### [Exercise objective]
Starting at the line with "Já nesta segunda-feira" and going on through the line with "-Striped details on", reproduce each line in the records below exactly and nothing more.

### [Available records]
::::
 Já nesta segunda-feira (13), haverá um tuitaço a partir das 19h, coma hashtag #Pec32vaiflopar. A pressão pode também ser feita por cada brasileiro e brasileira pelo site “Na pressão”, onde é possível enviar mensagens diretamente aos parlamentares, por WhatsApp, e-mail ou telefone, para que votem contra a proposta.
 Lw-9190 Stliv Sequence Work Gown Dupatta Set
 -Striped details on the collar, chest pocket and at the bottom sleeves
::::
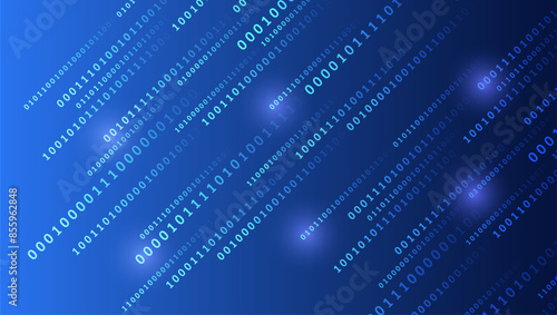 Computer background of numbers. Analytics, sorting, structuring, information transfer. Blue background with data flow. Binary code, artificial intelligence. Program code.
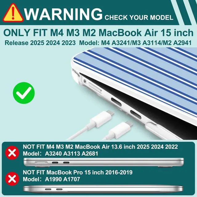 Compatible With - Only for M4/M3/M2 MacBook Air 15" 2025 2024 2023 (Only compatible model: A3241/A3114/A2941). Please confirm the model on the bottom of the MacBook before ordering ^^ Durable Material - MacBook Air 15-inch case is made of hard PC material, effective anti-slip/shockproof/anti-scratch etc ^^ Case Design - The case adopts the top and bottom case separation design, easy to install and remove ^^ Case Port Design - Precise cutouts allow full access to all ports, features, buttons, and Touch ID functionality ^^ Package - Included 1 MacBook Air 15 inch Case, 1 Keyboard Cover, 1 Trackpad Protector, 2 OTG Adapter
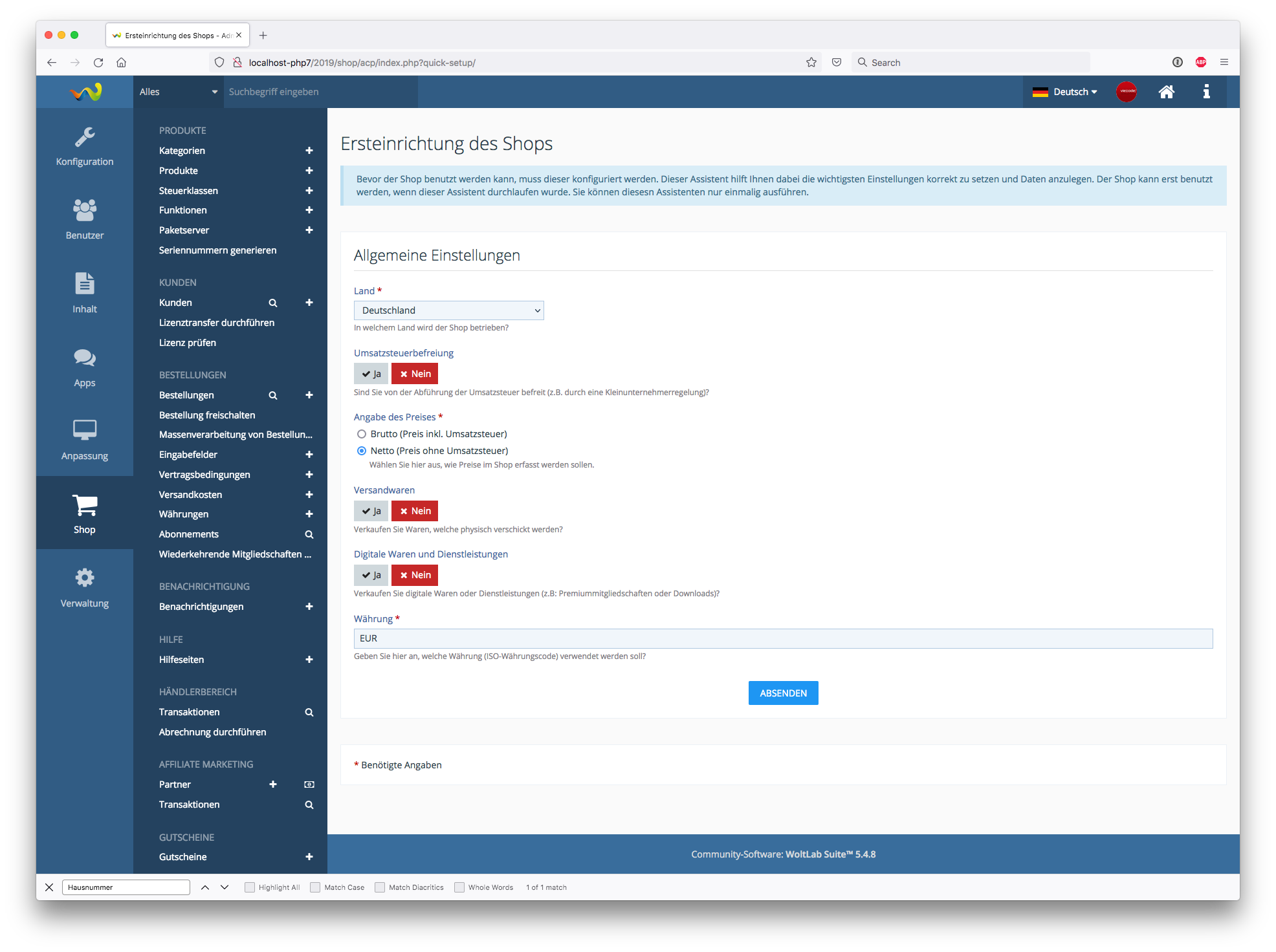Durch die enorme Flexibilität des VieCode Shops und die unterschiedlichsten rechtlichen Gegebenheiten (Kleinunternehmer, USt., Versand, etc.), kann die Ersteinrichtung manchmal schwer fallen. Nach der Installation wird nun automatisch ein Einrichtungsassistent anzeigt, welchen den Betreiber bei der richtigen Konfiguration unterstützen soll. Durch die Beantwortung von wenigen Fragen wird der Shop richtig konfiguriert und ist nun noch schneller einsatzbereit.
::::
### [Reply to the exercise]
 Já nesta segunda-feira (13), haverá um tuitaço a partir das 19h, coma hashtag #Pec32vaiflopar. A pressão pode também ser feita por cada brasileiro e brasileira pelo site “Na pressão”, onde é possível enviar mensagens diretamente aos parlamentares, por WhatsApp, e-mail ou telefone, para que votem contra a proposta.
 Lw-9190 Stliv Sequence Work Gown Dupatta Set
 -Striped details on the collar, chest pocket and at the bottom sleeves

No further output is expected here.